Question

The mean deviation about median of variates 13, 14, 15 …99, 100 is
A.1936
B.21.5
C.23.5
D.22

Answer 1

Hint: As we know, to find the mean deviation about median, we need to first calculate median. It is known that the median of ungrouped data is the middle term of the sorted data given in the question. Also, the median of the ungrouped data is different for even and odd numbers of terms. Firstly, we need to observe the data whether it has an even or odd number of terms then we will find the middle term of the sorted data. For an odd number of terms, the middle term can simply be calculated by $\dfrac{{n + 1}}{2}$ and this term will be the median. For even number of terms, there will be two middle terms which is calculated by $\dfrac{n}{2},\dfrac{n}{2} + 1$ and then these two terms can be added and divided by 2 to get the median of data. Then, we can calculate the mean deviation about the median by $\dfrac{{\sum {\left| {{x_i} - M} \right|} }}{n}$ . Now, put the value of median in the formula and mean deviation about median is obtained.

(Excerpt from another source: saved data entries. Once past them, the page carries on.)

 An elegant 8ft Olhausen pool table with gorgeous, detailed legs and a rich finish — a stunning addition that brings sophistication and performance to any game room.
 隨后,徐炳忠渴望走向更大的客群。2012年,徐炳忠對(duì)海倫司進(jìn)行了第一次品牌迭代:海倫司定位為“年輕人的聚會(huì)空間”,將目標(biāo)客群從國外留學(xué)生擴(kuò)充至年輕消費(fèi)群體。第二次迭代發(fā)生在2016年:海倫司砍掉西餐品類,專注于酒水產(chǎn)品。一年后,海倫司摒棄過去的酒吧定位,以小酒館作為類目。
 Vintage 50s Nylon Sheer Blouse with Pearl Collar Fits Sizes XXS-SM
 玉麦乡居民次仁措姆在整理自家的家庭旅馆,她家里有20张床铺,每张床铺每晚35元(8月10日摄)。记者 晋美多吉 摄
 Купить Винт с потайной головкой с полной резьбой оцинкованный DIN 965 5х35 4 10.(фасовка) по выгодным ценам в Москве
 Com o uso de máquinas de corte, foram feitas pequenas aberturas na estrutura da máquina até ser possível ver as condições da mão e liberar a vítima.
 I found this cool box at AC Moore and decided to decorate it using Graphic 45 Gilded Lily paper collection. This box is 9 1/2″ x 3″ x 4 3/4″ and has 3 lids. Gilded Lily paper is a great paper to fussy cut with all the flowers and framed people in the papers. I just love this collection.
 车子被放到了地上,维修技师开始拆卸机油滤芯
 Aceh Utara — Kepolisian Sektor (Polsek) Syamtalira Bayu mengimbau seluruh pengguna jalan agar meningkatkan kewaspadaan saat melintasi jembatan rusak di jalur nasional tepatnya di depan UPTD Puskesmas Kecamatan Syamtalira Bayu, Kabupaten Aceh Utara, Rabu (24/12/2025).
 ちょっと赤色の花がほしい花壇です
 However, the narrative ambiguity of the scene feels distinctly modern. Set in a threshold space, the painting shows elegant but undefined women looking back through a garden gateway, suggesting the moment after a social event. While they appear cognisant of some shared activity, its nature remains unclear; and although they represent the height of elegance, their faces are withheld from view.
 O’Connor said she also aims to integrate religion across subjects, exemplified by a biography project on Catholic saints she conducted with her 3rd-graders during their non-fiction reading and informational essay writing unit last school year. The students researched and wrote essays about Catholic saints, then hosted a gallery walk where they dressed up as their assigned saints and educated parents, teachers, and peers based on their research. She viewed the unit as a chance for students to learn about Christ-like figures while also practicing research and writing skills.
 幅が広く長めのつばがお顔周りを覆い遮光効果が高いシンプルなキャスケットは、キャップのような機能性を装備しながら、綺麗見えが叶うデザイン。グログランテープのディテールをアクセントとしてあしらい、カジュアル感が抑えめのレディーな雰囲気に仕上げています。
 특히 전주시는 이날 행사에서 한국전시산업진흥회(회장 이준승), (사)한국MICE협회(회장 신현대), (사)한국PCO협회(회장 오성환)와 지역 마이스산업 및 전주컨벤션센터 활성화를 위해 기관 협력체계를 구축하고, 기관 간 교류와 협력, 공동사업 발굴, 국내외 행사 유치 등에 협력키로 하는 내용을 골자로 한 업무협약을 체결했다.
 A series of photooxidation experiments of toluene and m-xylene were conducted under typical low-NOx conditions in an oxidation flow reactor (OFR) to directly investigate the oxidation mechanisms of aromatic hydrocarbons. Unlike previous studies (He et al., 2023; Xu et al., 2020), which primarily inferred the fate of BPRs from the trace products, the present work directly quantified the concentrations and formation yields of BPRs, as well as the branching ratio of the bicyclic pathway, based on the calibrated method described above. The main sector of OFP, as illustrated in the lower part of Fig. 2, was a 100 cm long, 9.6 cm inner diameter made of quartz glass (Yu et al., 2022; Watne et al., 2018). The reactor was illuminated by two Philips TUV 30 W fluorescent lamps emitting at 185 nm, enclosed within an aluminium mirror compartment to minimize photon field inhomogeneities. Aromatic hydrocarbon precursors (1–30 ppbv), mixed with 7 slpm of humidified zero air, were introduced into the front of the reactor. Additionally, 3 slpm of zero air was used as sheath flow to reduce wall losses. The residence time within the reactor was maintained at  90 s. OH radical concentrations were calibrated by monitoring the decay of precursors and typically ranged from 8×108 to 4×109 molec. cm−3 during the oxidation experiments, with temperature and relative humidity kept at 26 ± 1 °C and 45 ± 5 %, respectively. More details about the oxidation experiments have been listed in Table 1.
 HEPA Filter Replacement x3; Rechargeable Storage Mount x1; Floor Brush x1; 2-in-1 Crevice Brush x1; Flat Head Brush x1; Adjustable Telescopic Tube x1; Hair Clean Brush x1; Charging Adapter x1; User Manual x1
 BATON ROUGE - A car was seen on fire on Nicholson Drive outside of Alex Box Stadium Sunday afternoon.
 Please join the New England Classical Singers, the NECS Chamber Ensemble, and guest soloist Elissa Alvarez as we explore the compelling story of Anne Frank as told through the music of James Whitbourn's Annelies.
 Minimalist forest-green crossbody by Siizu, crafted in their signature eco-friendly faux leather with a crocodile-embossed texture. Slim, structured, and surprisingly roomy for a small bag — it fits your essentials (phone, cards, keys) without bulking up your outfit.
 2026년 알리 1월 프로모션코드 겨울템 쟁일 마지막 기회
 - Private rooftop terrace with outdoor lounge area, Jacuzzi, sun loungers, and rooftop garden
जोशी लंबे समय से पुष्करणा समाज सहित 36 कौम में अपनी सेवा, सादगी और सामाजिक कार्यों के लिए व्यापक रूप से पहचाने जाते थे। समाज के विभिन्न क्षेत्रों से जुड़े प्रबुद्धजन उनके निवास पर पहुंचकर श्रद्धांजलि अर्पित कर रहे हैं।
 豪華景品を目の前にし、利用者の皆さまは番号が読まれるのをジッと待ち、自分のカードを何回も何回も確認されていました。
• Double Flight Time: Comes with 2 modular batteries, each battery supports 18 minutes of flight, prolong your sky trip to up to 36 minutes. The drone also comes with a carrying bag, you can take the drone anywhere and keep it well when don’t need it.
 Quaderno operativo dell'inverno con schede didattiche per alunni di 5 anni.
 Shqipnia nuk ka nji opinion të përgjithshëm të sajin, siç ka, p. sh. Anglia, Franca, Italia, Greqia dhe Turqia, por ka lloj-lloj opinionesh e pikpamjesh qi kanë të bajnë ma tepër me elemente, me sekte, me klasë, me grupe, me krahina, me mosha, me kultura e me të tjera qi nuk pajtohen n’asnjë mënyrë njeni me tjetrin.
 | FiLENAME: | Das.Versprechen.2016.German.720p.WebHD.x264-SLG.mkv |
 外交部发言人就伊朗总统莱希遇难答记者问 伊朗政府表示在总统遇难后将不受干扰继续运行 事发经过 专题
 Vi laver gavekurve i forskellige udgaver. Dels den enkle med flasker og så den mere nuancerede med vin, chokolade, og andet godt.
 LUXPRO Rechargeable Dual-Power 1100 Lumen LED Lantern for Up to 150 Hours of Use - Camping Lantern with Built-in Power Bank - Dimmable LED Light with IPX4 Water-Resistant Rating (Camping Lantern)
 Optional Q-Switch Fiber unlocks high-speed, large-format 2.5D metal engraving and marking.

Complete step-by-step answer:
The ungrouped data is given in the question.
The given data is 13, 14, 15 …99, 100.
It is sorted. So, we can directly calculate the median.
To calculate the median of the ungrouped data, we have to observe the number of terms given.
There are (100-12) = 88 terms which is even.
So, median can be calculated by finding middle terms.
The middle terms of the given data are:
$\dfrac{n}{2},\dfrac{n}{2} + 1$
Here, we have 88 numbers of terms which means $n = 88$.
So, middle terms will be $\left( {\dfrac{{88}}{2},\dfrac{{88}}{2} + 1} \right)$ which are $44,45$ .
44th and 45th terms are 56 and 57.
Therefore, median of the given data is:
$
  M = \dfrac{{56 + 57}}{2} \\
\Rightarrow M = 56.5 \\
 $
Now, we have to calculate mean deviation about the median.
Mean deviation about median is given by $\dfrac{{\sum {\left| {{x_i} - M} \right|} }}{n}$
On putting values we get,
Mean deviation = \[\dfrac{{\sum\nolimits_{i = 1}^{88} {\left| {{x_i} - M} \right|} }}{n} = \dfrac{{\sum\nolimits_{i = 1}^{88} {\left| {{x_i} - M} \right|} }}{{88}}\]
Here, first and last terms of AP are given.
Therefore, using sum formula of AP, we get:
Mean deviation $ = \dfrac{{22\left( {43.5 + 0.5} \right) + 22\left( {0.5 + 43.5} \right)}}{{88}} = 22$
Therefore, the mean deviation about median is 22.
Hence, median is 56.5 and mean deviation about median is 22.
Hence, option D is correct.

Note: As we know, high attention is needed to do these types of questions because we have to take a lot of terms in calculation and we cannot make mistakes in the number of terms. The calculation of median and mean deviation about median is simple but it should also be rechecked twice to avoid any mistakes in these types of questions.